Он заглянул в ее лицо, и они близко встретились глазами. Панна посмотрела на него с тем настороженным удивлением, которое заставило его опомниться тогда, на Мораве. Нет, не его боялась она, а собственного ответного порыва. Он же опять подумал, что ведет себя глупо, и отпрянул, откинулся на спинку жиденького венского стула.

Панна нахмурилась, недовольная собой: странно, когда его нет, она только и думает о нем, как школьница, но стоит увидеться в кои веки раз, и она обязательно чем-нибудь оттолкнет его. Такой уж, значит, у нее характерец. Он свободно называет ее на «ты», а она не может. Да понимает ли он, что происходит с ней? Разумеется, понимает. Иначе не решился бы вот так запросто взять ее руку. (Среди настоящих фронтовиков меньше всего грубиянов.) И она сама давно убеждена, что любима: женщины намного раньше убеждаются в этом. Однако женщинам, видимо, нужны слова, слова, много общих слов. А Ивам Григорьевич не из тех, кто объясняется при каждой новой встрече: сказал наспех, как бы между прочим, в то утро на берегу Моравы, — и на всю жизнь. Но почему в таком случае ты, Панна, медлишь сделать один-единственный шаг ему навстречу? Что останавливает? Людская молва? Странно. Она же давно опередила тебя: в глазах околофронтовых мещан ты давняя любовница Строева. Разве некипеловы способны верить в чистоту отношений других людей, если они мерят все на собственный аршин? Так следуй своей дорогой, и пусть они думают о тебе, что угодно.

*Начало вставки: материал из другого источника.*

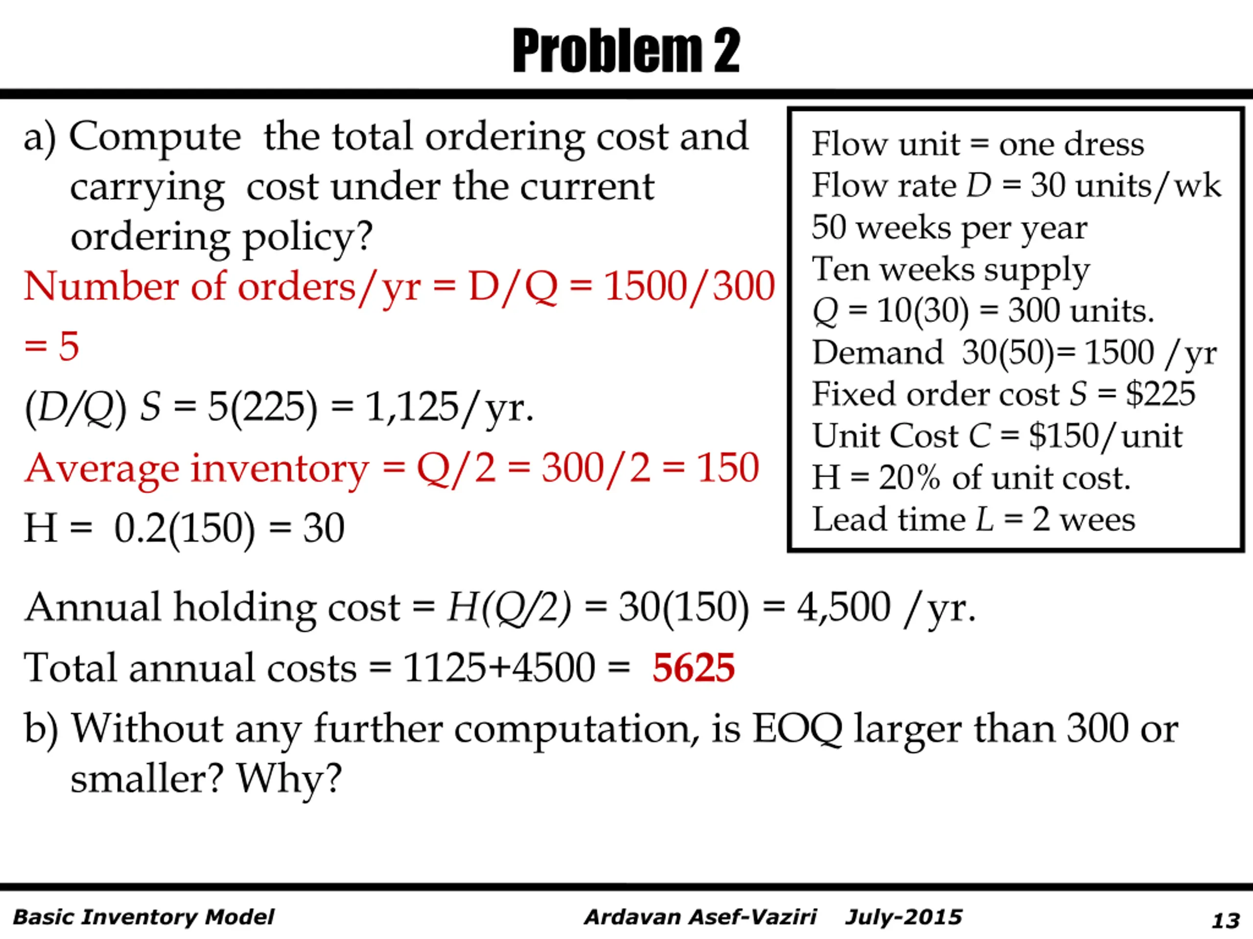 Problem 2 a) Compute the total ordering cost and carrying cost under the current ordering policy? Number of orders/yr = D/Q = 1500/300 = 5 (D/Q) S = 5(225) = 1,125/yr. Average inventory = Q/2 = 300/2 = 150 H = 0.2(150) = 30 Flow unit = one dress Flow rate D = 30 units/wk 50 weeks per year Ten weeks supply Q = 10(30) = 300 units. Demand 30(50)= 1500 /yr Fixed order cost S = $225 Unit Cost C = $150/unit H = 20% of unit cost. Lead time L = 2 wees Annual holding cost = H(Q/2) = 30(150) = 4,500 /yr. Total annual costs = 1125+4500 = 5625 b) Without any further computation, is EOQ larger than 300 or smaller? Why? Basic Inventory Model Ardavan Asef-Vaziri July-2015 13

— Я вчера вспомнил Бахыша, — заговорил наконец Строев. — Как он чуть не застрелил обидчика Раисы.

Он словно разгадал, о чем она тревожится сейчас, и Панна, застигнутая врасплох, лишь улыбнулась ему рассеянно. Это не первый раз он читает ее мысли с той поразительной точностью, которая даже пугает.

А она еще сомневается, представляет ли Иван Григорьевич, что́ творится с ней.

— Да, я забыл спросить: ответила ли ты на письмо мужа?

— У меня мужа нет. — Она прикрыла глаза темными шторками ресниц.

— Ну, был.

— Нет, не ответила.

— Напрасно. На подобные письма надо отвечать.

— Нет, лучше оставить без внимания.

— Может быть, ты и права. Извини, я не хотел сделать тебе больно.

— Прошлое само найдет случай напомнить о себе.

— Что верно, то верно. А ты ведь, Панна, до сих пор не знаешь в деталях моего прошлого, кроме ранней молодости. Правда, я говорил кое-что и о главном, но в общей, а л г е б р а и ч е с к о й, форме.

— А р и ф м е т и к а вашего прошлого принадлежит вам.

— Но до поры до времени.

Да, Панна могла лишь строить догадки о частностях его неустроенного бытия. Но сегодня Иван Григорьевич решил, как видно, полностью раскрыть эту самую а л г е б р а и ч е с к у ю формулу своей неудачной семейной жизни, заменив все и к с ы, и г р е к и и з е т ы вполне определенными величинами. И он неторопливо начал рассказывать о том, что же именно случилось с ним задолго до войны.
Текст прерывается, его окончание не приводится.